- Type: Formation
- Sub-units: Assiniboine Member Keld Member
- Underlies: Morden Formation
- Overlies: Belle Fourche Formation
- Thickness: Up to about 46 m (151 ft)

Lithology
- Primary: Calcareous shale
- Other: Argillaceous limestone, calcarenite, bentonite

Location
- Coordinates: 52°08′36″N 100°58′38″W﻿ / ﻿52.14333°N 100.97722°W
- Region: Saskatchewan Manitoba
- Country: Canada

Type section
- Named for: Favel River, Manitoba
- Named by: R.T.D. Wickenden
- Year defined: 1945

= Favel Formation =

Geologic formation in Canada

The Favel Formation is a stratigraphic unit of Late Cretaceous (late Cenomanian to middle Turonian) age. It is present in southern Manitoba and southeastern Saskatchewan, and consists primarily of calcareous shale. It was named for the Favel River near Minitonas, Manitoba, by R.T.D. Wickenden in 1945.

The Favel Formation is richly fossiliferous and had yielded remains of a wide variety of marine animals, including the marine crocodile Terminonaris. It is also rich in organic carbon and is therefore an oil shale.

== Lithology and thickness ==
The Favel Formation is subdivided into the upper Assiniboine Member and the lower Keld Member. Both consist primarily of olive-black, chalk-speckled, calcareous and carbonaceous shale, with lesser amounts of shaly and argillaceous limestone, minor beds of calcarenite, and numerous thin beds of bentonite. The Assiniboine Member is topped by a bed of shaly argillaceous limestone called the Marco Calcarenite. The Keld is more calcareous than the Assiniboine, and is topped by a bed of shaly argillaceous limestone called the Laurier Limestone. The Marco and Laurier marker beds are notable for their strong "kicks" in well logs, and so are useful in identifying subsurface formations.

The Favel Formation reaches a maximum thickness of 46 m (151 ft) in southern Manitoba.

== Deposition and paleontology ==
The Favel Formation was deposited along the eastern edge of the Western Interior Seaway. The water was anoxic at depth, which was conducive to the preservation of fossils and organic matter.

Numerous fossils have been recovered from the Favel Formation. There are remains of coccoliths and planktonic foraminifera, aggregates of which make up the formation's distinctive the "chalk specks". Invertebrates include the bivalves Inoceramus, Mytilloides, and Ostrea, and ammonites such as Collignoniceras. There are bony fishes, including articulated specimens of Xiphactinus audax, as well as Apsopelix, Pachyrhizodus, and others. Cartilagenous fishes include sharks such as Odontaspis, Squalicorax, and Ptychodus, as well as rays. The largely complete skeleton of the marine crocodyliform Terminonaris robusta (first described as Teleorhinus robustus), was recovered from the Keld Member about 1 m (3 ft) below the Laurier Limestone bed, and has been nicknamed "Big Bert".
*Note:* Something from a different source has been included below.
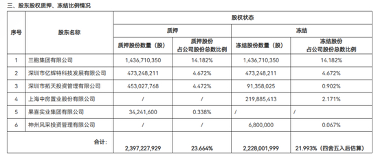 2019年7月深圳市亿辉特科技向华夏人寿质押了4.73亿股股份;
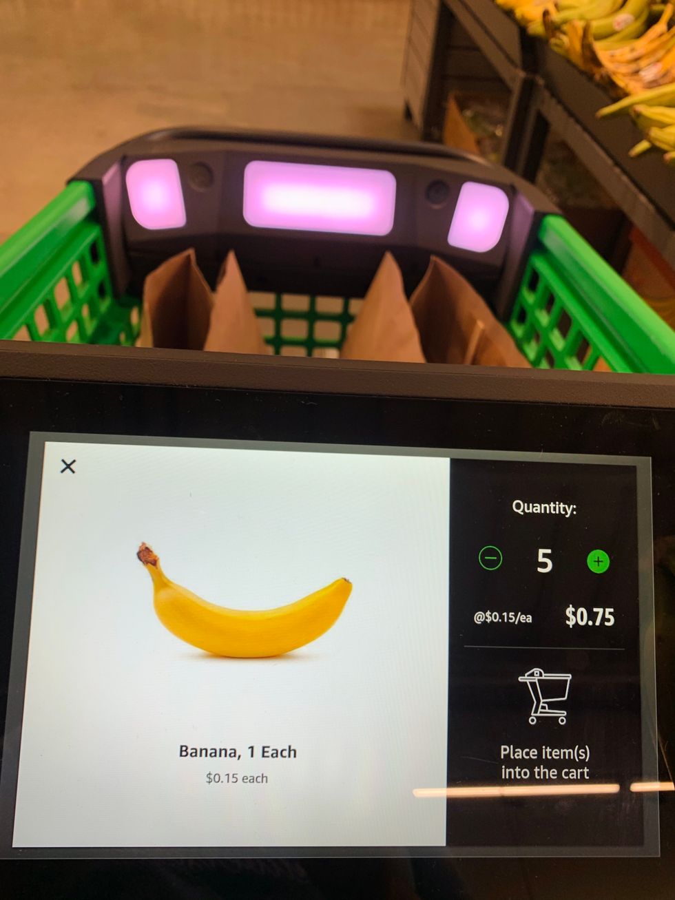 I held my account's QR code in front of a camera affixed to the cart and once scanned, the cart made a pinging sound and told me I could start shopping. Now everything I put in the cart would be charged to my account.

== Distribution and relationship to other units ==
The Favel Formation is present in the subsurface beneath the plains of southern Manitoba and southeastern Saskatchewan, and can be seen in outcrop in river valleys along the Manitoba Escarpment and the Pasquia Hills. Its contact with the noncalcareous shales of the Ashville Formation is conformable to unconformable, depending on the location, and the formation is unconformably overlain by the noncalcareous shales of the Morden Formation. To the west it is equivalent to the Second White Speckled Shale of the Colorado Group, and the Vimy Member of the Blackstone Formation.
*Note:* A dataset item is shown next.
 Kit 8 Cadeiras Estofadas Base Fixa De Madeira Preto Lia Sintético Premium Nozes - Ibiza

In structure and fossil age, the Keld member correlates with the Greenhorn units widely identified in the Great Plains and within the Mancos Shale. The fossils (C. woollgari and I. labiatis) and well log indications of the top of the Greenhorn (Fencepost limestone) particularly correlate with the Laurier Limestone bed.

== Economic resources ==
The Favel Formation is an oil shale. It is rich in kerogen, with a total organic carbon content that ranges up to 10%. Fresh samples typically have a petroliferous odor. Because they were deposited under marine conditions, the Favel shales are classified as marinites, in contrast to the lamosite oil shales of the Green River Formation, which were deposited in a lacustrine environment. The formation may also have some potential for biogenic natural gas.